A l’opposé du principe de moinde éligibilité se trouve le principe de normalisation : consacré tant au niveau européen que national au sein des règles minima pour le traitement des détenus des Nations Unies (début 1950) et au sein des règles pénitentiaires européennes du Conseil de l’Europe (1970), ce principe prône que la vie en détention doit se rapprocher le plus possible des conditions de vie générales hors les murs. Le pari ici fait est qu’une rupture partielle et non totale avec les conditions de vie générales favoriserait la réintégration et par conséquent lutterait contre la récidive. Un pari qui repose (en Belgique) également sur l’application de la loi de principes du 12 juillet 2005 fixant le statut des détenus et l’ensemble de leurs droits, dont tous les articles n’ont toujours pas sorti leurs effets faute d’ambition politique.
Une autre idée reçue coriace veut que les prisons soient des hôtels 5 étoiles. Cela sous-entend que la vie y est confortable matériellement. « Ils ont droit à une télévision, quel luxe, c’est scandaleux! ». Que peut-on trouver de luxueux à se retrouver enfermé, parfois avec une autre personne, plusieurs heures par jour dans un espace d’à peu près 9m² au sein d’un bâtiment vétuste ? Certes les rénovations ou extensions neuves de parc pénitentiaire entendent lutter contre la vétusté et offrir des conditions de détention décentes mais ne permettent aucune intimité ni luxe particulier.
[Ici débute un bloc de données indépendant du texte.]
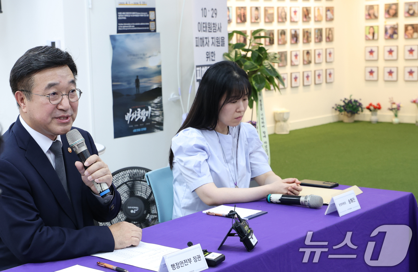 (서울=뉴스1) 권현진 기자 = 윤호중 행정안전부 장관이 4일 오후 서울 종로구 적선동 별들의 집을 방문해 10·29 이태원 참사 희생자 유가족들과 면담을 하고 있다. 2025.8.4/뉴스1

A ce sujet plusieurs journalistes et magistrats ont pu faire l’expérience, courte, d’un séjour dans la nouvelle prison de Haren, en Belgique: » À chaque instant, un agent peut soulever le guichet et entrer dans la cellule, sans préavis. Qu’on soit sous la douche, en train de s’habiller ou en pyjama sur son lit. On ne peut pas dire : » une minute s’il vous plaît » ou » attendez un moment « . Même seul en cellule, l’intimité, en prison, ça n’existe pas. « Pas de pancarte « ne pas déranger svp » à apposer aux portes des cellules.
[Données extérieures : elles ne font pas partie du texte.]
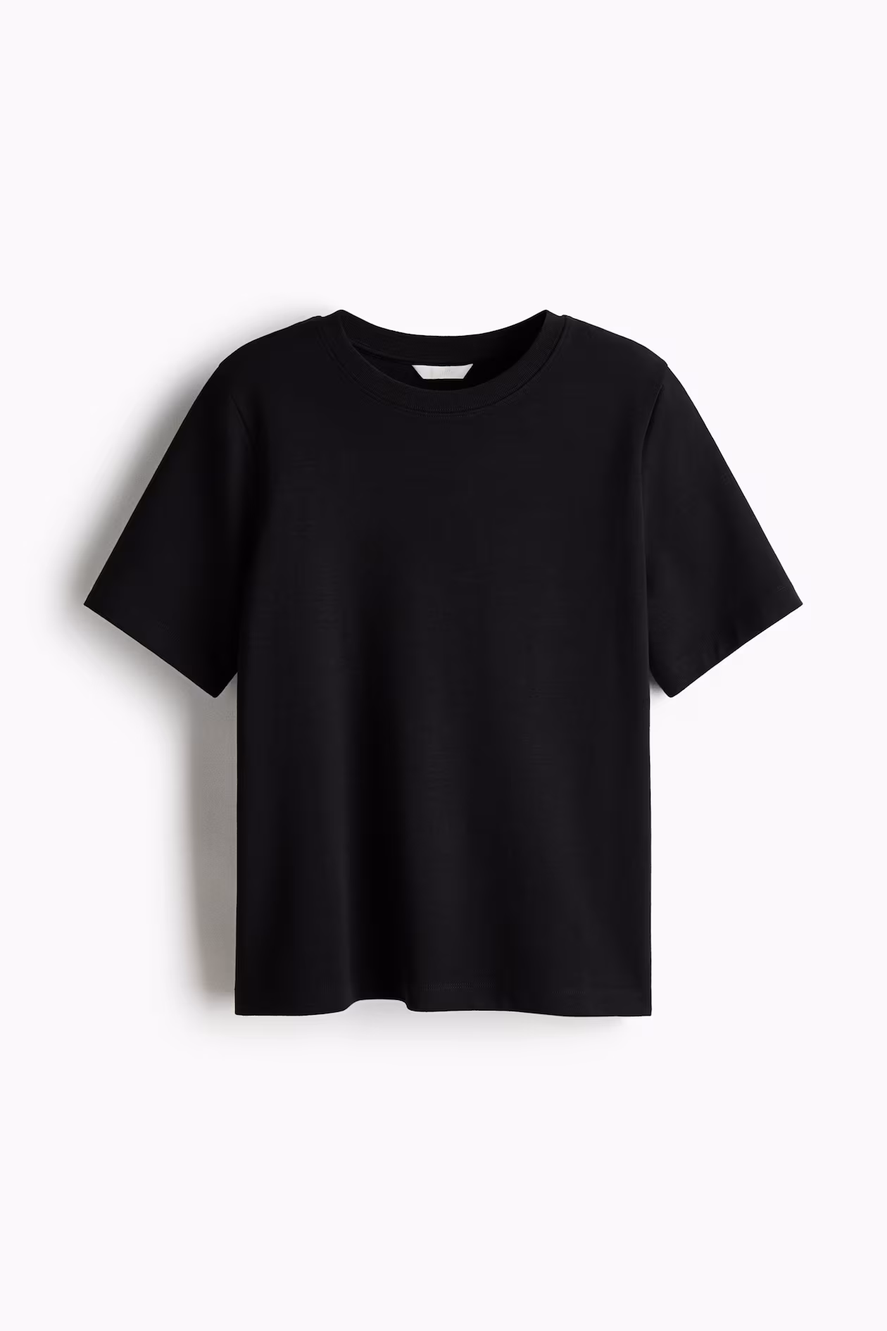 T-shirt in thick interlock jersey. Ribbed round neckline and a straight-cut hem.

La notion de confort matériel apparaît également toute relative. A l’heure des appareils et accessoires électoniques tout plus « smart » (plus chers, plus débilisants?) les uns que les autres, est-ce que détenir une télévision (louée aux frais du détenu ou de ses proches) dans sa cellule relève vraiment du luxe? C’est oublier ou ignorer que ce genre de confort se paie, la télévision n’étant pas gratuite en prison. Car en effet si un détenu est nourri, logé, blanchi, il ne s’agit là que de services fournissant le strict nécéssaire. Le surplus s’aquiert à la cantine à ses frais. Historiquement la cantine fournissait principalement du tabac, qui à son tour servait de monnaie d’échange entre détenus. Désormais il s’agit d’une véritable boutique qui propose nourriture, vêtements, produits d’hygiène, etc. à des prix plus élevés qu’à l’extérieur. On est encore ici bien loin du confort des plus grands palaces.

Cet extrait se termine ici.